We can treat bc_stanfit as a regular rstan object.

Summarizing Distributions

We can plot the probability of seeing each of agreement values for the two estimated components of the mixture. We can use the get_pi_k_1_probs_summary() and get_pi_k_0_probs_summary() convenience functions to help with this.

# specify 95% credible intervals
probs <- c(0.025, 0.5, 0.975)

# create data frames for each of the parameters 
pi_k_1 <- get_pi_k_1_probs_summary(bc_stanfit, probs)
pi_k_0 <- get_pi_k_0_probs_summary(bc_stanfit, probs)

#combine for plotting
pi_k <- rbind(pi_k_0, pi_k_1)

# Pi_K plots (like figure 3 in paper)
ggplot(pi_k, aes(y = `50%`, x = Cat, color = Distribution)) +
  geom_point(position = position_dodge(width = .5)) +
  geom_errorbar(aes(ymin = `2.5%`, ymax = `97.5%`),
                width = .25,
                position = position_dodge(0.5)) +
  labs(x = "Agreement Categories", y = "Posterior Probability") +
  theme_bw() +
  scale_x_continuous(breaks = 0:2,
                     labels = c("Complete Disagreement", 
                                "Similar",
                                "Complete Agreement")) + 
  scale_color_grey()

Jensen-Shannon Distance

We can use the get_JSD_summary() convenience function to get a quick summary of the Jensen-Shannon Distance (JSD) for the two estimated distributions.
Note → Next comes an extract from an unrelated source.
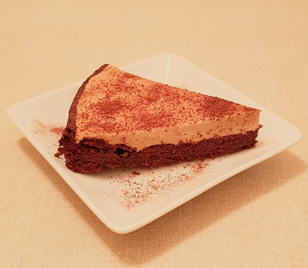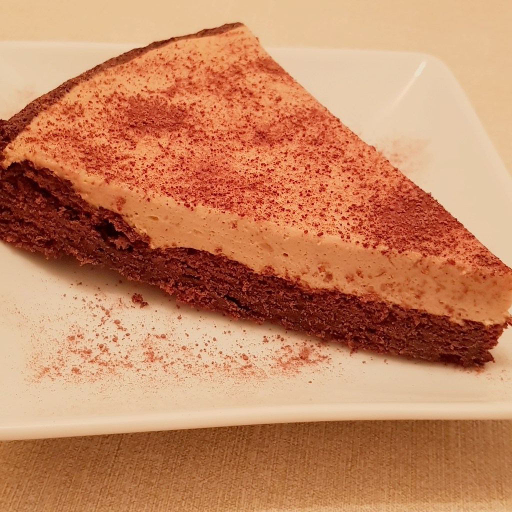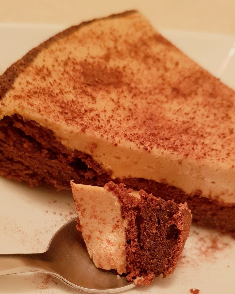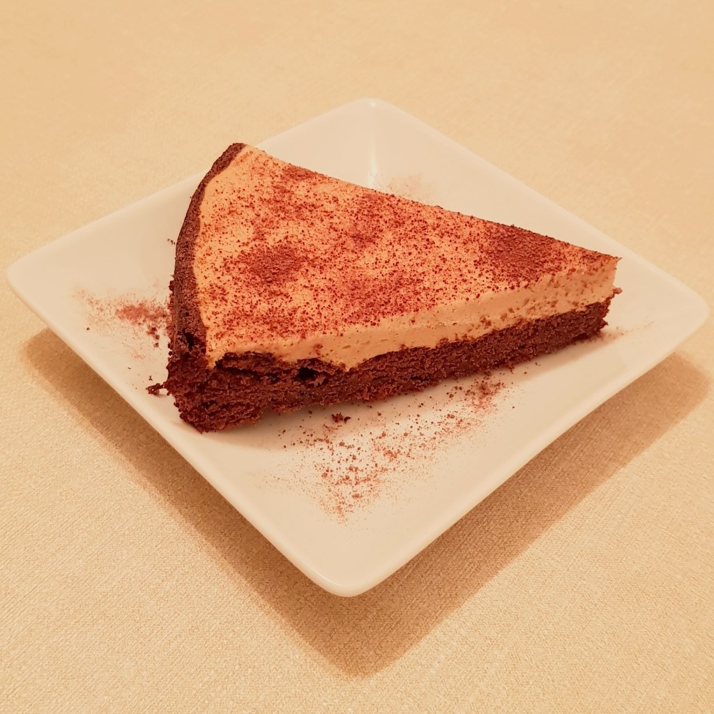 Se pune tava în cuptorul preîncălzit la 180° pentru 25 de minute. Când tortul de ciocolată e copt, se scoate și se lasă la răcit la temperatura camerei. Cât timp blatul se răcește se prepară mousse-ul de cafea. Se mixează gălbenușurile cu zahărul până când devin cremoase și primesc o culoare galben deschis. Se adaugă amidonul de porumb și se amestecă, apoi se adaugă puțin câte puțin din laptele cald. Apoi se pune compoziția într-o cratiță pentru sosuri. Se pune la foc mic și se lasă până când fierbe și se îngroașă, amestecând continuu. Apoi se ia de pe foc și se adaugă esența de vanilie și nesul. Se amestecă pentru omogenizare. Apoi se pune la răcorit. Se mixează smântână pentru frișcă neîndulcită până când se formează vârfuri rigide. Între timp se amestecă gelatina cu cele 2 linguri de apă rece și se lasă timp de 10 minute, apoi se pune la foc mic și se lasă puțin până se topește. Se adaugă gelatina în compoziția de cafea. Se amestecă pentru omogenizare. Apoi se încorporează frișca cu ajutorul unei palete și se amestecă ușor până se omogenizează compoziția. Se pune mousse-ul de cafea peste blatul de ciocolată. Se nivelează ușor.
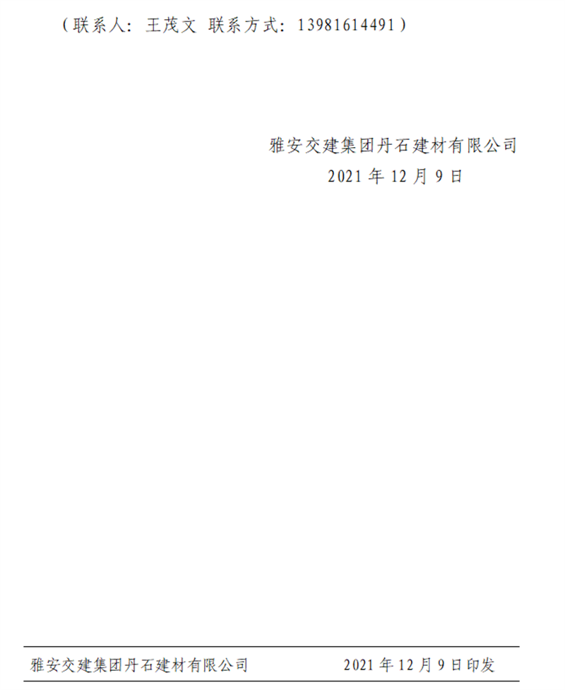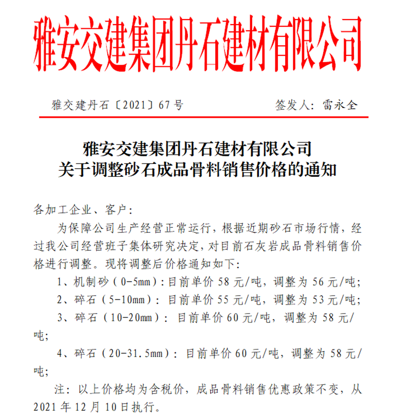 币游集团丹石公司关于调整砂石成品骨料销售价格的通知(2021.12.9)

get_JSD_summary(bc_stanfit, probs)
     2.5%       50%     97.5%      mean 
0.6533192 0.7123503 0.7615031 0.7111271 

Estimating Measurement Error

As explained in the paper, we can estimate the level of measurement error in a survey based on the reinterview data by first estimating the posterior probability that each observation chosen for the reinterview is high quality (HQ) or not. We can extract the samples from this distribution using the get_post_prob_HQ() helper function.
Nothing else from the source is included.